Institute for Virus Research, Kyoto University, Kyoto, Japan Faculty of Nutritional Sciences, University of Morioka, Takizawa, Iwate, Japan
J Bacteriol. 2015 Jul;197(14):2316-24. doi: 10.1128/JB.00079-15. Epub 2015 Apr 27.
σ(E), an alternative σ factor that governs a major signaling pathway in envelope stress responses in Gram-negative bacteria, is essential for growth of Escherichia coli not only under stressful conditions, such as elevated temperature, but also under normal laboratory conditions. A mutational inactivation of the hicB gene has been reported to suppress the lethality caused by the loss of σ(E). hicB encodes the antitoxin of the HicA-HicB toxin-antitoxin (TA) system; overexpression of the HicA toxin, which exhibits mRNA interferase activity, causes cleavage of mRNAs and an arrest of cell growth, while simultaneous expression of HicB neutralizes the toxic effects of overproduced HicA. To date, however, how the loss of HicB rescues the cell lethality in the absence of σ(E) and, more specifically, whether HicA is involved in this process remain unknown. Here we showed that simultaneous disruption of hicA abolished suppression of the σ(E) essentiality in the absence of hicB, while ectopic expression of wild-type HicA, but not that of its mutant forms without mRNA interferase activity, restored the suppression. Furthermore, HicA and two other mRNA interferase toxins, HigB and YafQ, suppressed the σ(E) essentiality even in the presence of chromosomally encoded cognate antitoxins when these toxins were overexpressed individually. Interestingly, when the growth media were supplemented with low levels of antibiotics that are known to activate toxins, E. coli cells with no suppressor mutations grew independently of σ(E). Taken together, our results indicate that the activation of TA system toxins can suppress the σ(E) essentiality and affect the extracytoplasmic stress responses.

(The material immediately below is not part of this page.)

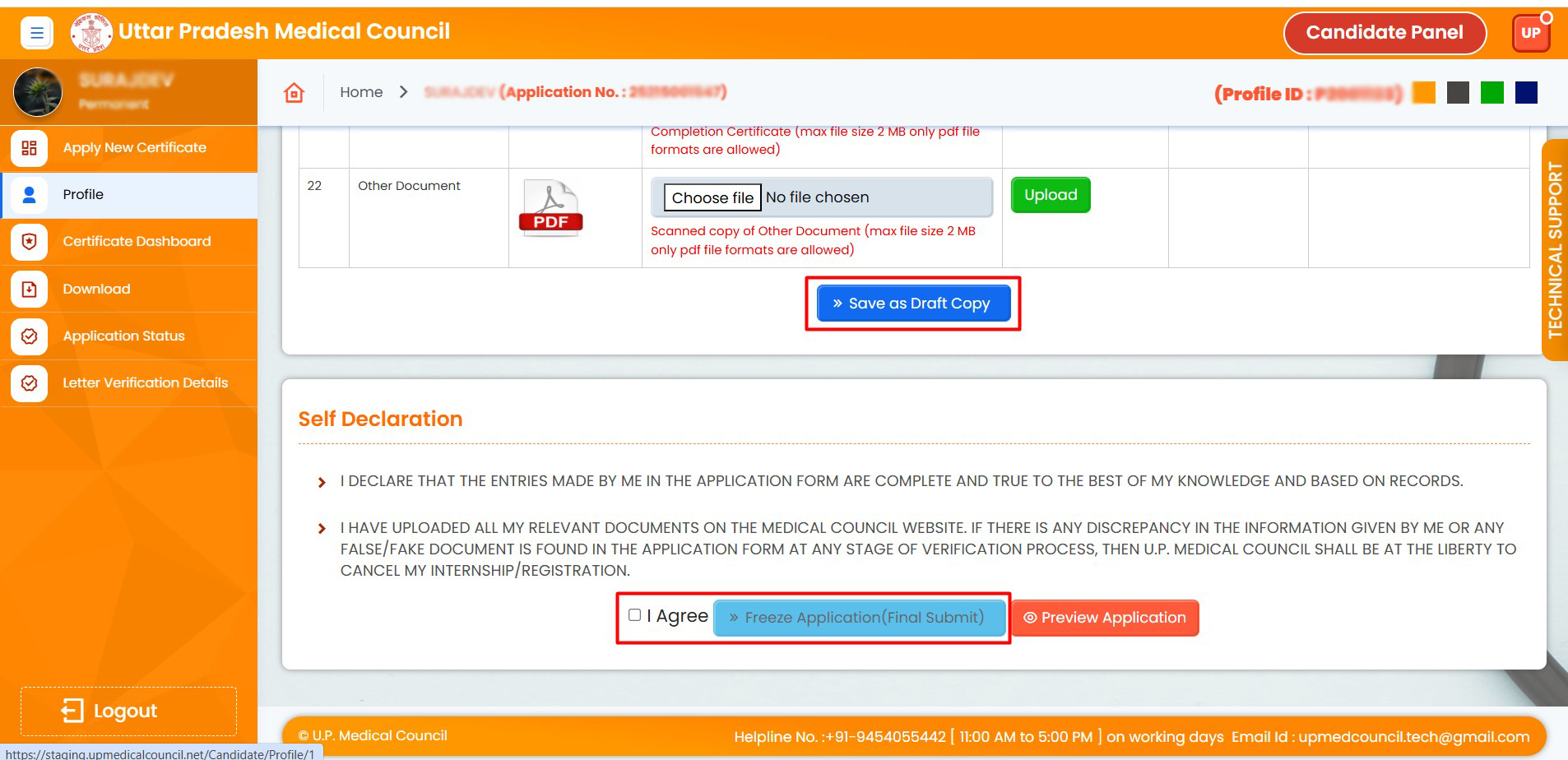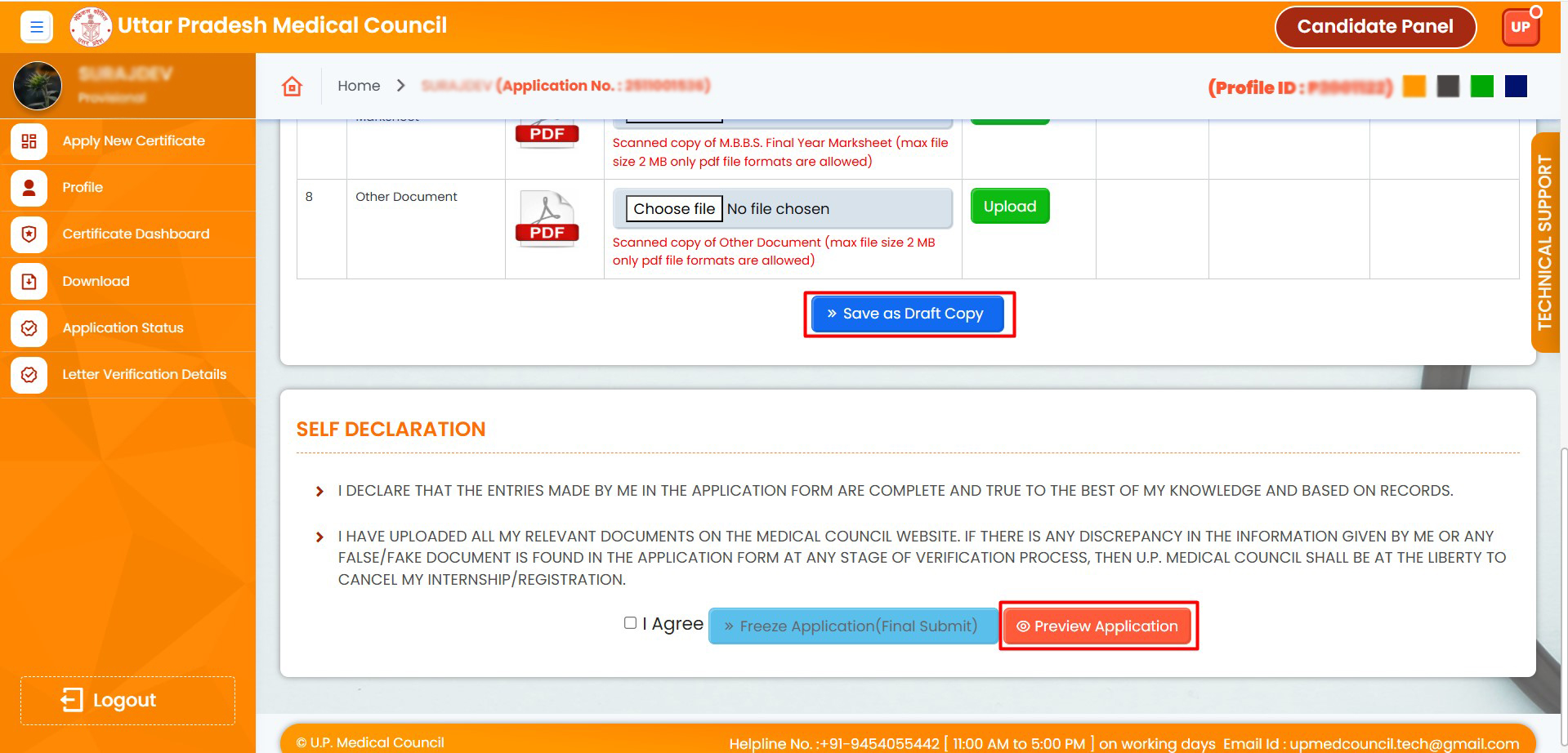 24. Upload all re-uploaded documents, click on "Save as Draft", and then agree to finalize (freeze) the application

σ(E) is an alternative σ factor involved in extracytoplasmic stress responses. Unlike other alternative σ factors, σ(E) is indispensable for the survival of E. coli even under unstressed conditions, although the exact reason for its essentiality remains unknown. Toxin-antitoxin (TA) systems are widely distributed in prokaryotes and are composed of two adjacent genes, encoding a toxin that exerts harmful effects on the toxin-producing bacterium itself and an antitoxin that neutralizes the cognate toxin. Curiously, it is known that inactivation of an antitoxin rescues the σ(E) essentiality, suggesting a connection between TA systems and σ(E) function. We demonstrate here that toxin activation is necessary for this rescue and suggest the possible involvement of TA systems in extracytoplasmic stress responses.
σ(E)是一种替代σ因子,它在革兰氏阴性菌的包膜应激反应中控制着一条主要的信号通路,不仅在诸如高温等应激条件下,而且在正常实验室条件下,对大肠杆菌的生长都是必不可少的。据报道,hicB基因的突变失活可抑制因σ(E)缺失而导致的致死性。hicB编码HicA-HicB毒素-抗毒素(TA)系统的抗毒素;具有mRNA干扰酶活性的HicA毒素的过表达会导致mRNA的切割和细胞生长的停滞,而HicB的同时表达可中和过量产生的HicA的毒性作用。然而,迄今为止,HicB的缺失如何在没有σ(E)的情况下挽救细胞致死性,更具体地说,HicA是否参与这一过程仍不清楚。在这里,我们表明,在没有hicB的情况下,hicA的同时破坏消除了对σ(E)必需性的抑制,而野生型HicA的异位表达(而非没有mRNA干扰酶活性的突变形式的表达)恢复了这种抑制。此外,当单独过表达时,HicA以及另外两种mRNA干扰酶毒素HigB和YafQ即使在存在染色体编码的同源抗毒素的情况下也能抑制σ(E)的必需性。有趣的是,当生长培养基中添加已知可激活毒素的低水平抗生素时,没有抑制突变的大肠杆菌细胞能够独立于σ(E)生长。综上所述,我们的结果表明TA系统毒素的激活可以抑制σ(E)的必需性并影响胞外应激反应。
σ(E)是一种参与胞外应激反应的替代σ因子。与其他替代σ因子不同,σ(E)即使在无应激条件下对大肠杆菌的存活也是必不可少的,尽管其必需性的确切原因仍不清楚。毒素-抗毒素(TA)系统广泛分布于原核生物中,由两个相邻基因组成,分别编码对产生毒素的细菌本身产生有害影响的毒素和中和同源毒素的抗毒素。奇怪的是,已知抗毒素的失活可挽救σ(E)的必需性,这表明TA系统与σ(E)功能之间存在联系。我们在此证明毒素激活对于这种挽救是必要的,并提示TA系统可能参与胞外应激反应。